From the first line of the listing to the last, set down everything exactly, but skip the images.

> _DATA PROVIDED_:
·····
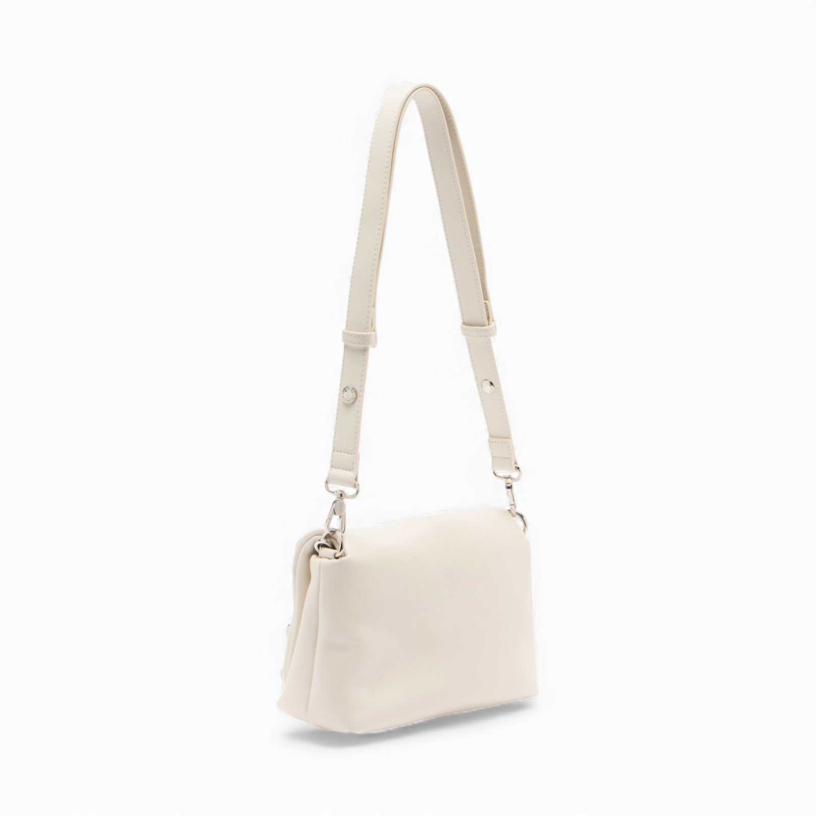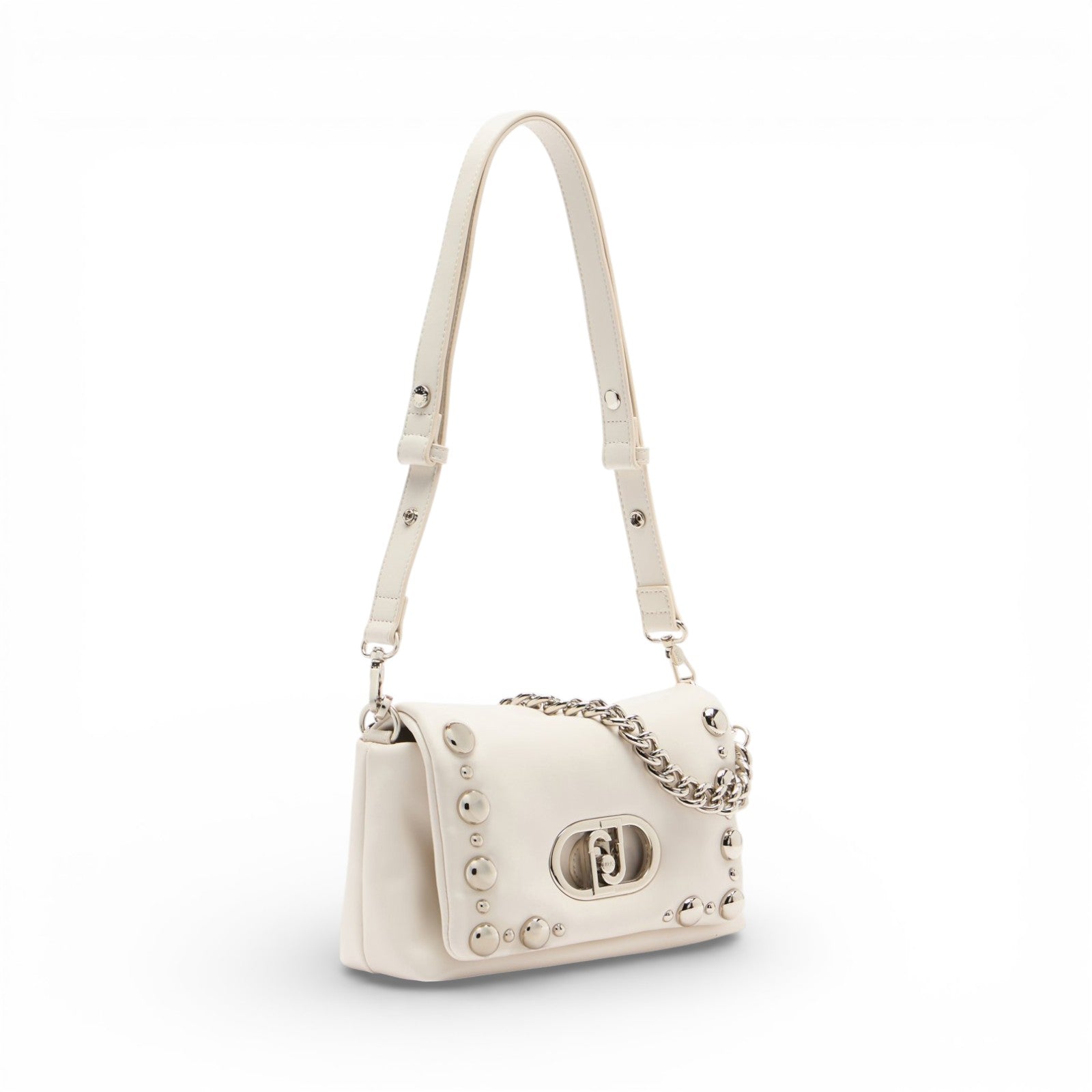 Borsa a tracolla media. Manici intercambiabili. Logo in metallo. Perle applicate. Tasca di servizio chiusa con zip. Chiusura con bottone magnetico.
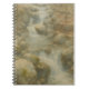 A serene watercolor-style depiction of a mountain stream cascading gently over smooth rocks, surrounded by bare trees and a misty, muted forest. The soft tones and flowing water evoke a sense of calm and introspection, as if nature itself is quietly whispering in the silence
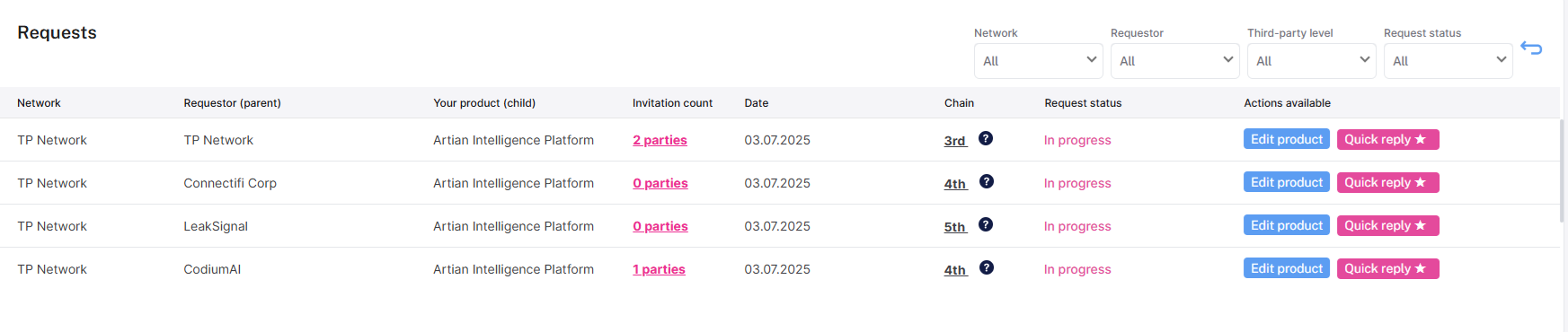 From the Request widget on your dashboard you can use Quick reply to add details of your supply chain using existing Third parties you have previously added.
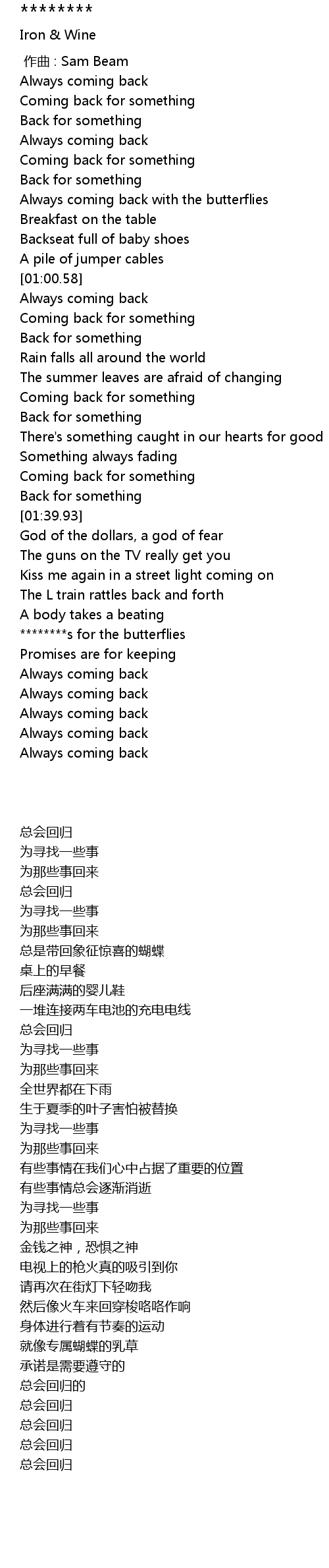 | [00:33.38] | 总是带回象征惊喜的蝴蝶 |
·····
> _OUTPUT FOR THIS TASK_:
 Borsa a tracolla media. Manici intercambiabili. Logo in metallo. Perle applicate. Tasca di servizio chiusa con zip. Chiusura con bottone magnetico.
 A serene watercolor-style depiction of a mountain stream cascading gently over smooth rocks, surrounded by bare trees and a misty, muted forest. The soft tones and flowing water evoke a sense of calm and introspection, as if nature itself is quietly whispering in the silence
 From the Request widget on your dashboard you can use Quick reply to add details of your supply chain using existing Third parties you have previously added.
 | [00:33.38] | 总是带回象征惊喜的蝴蝶 |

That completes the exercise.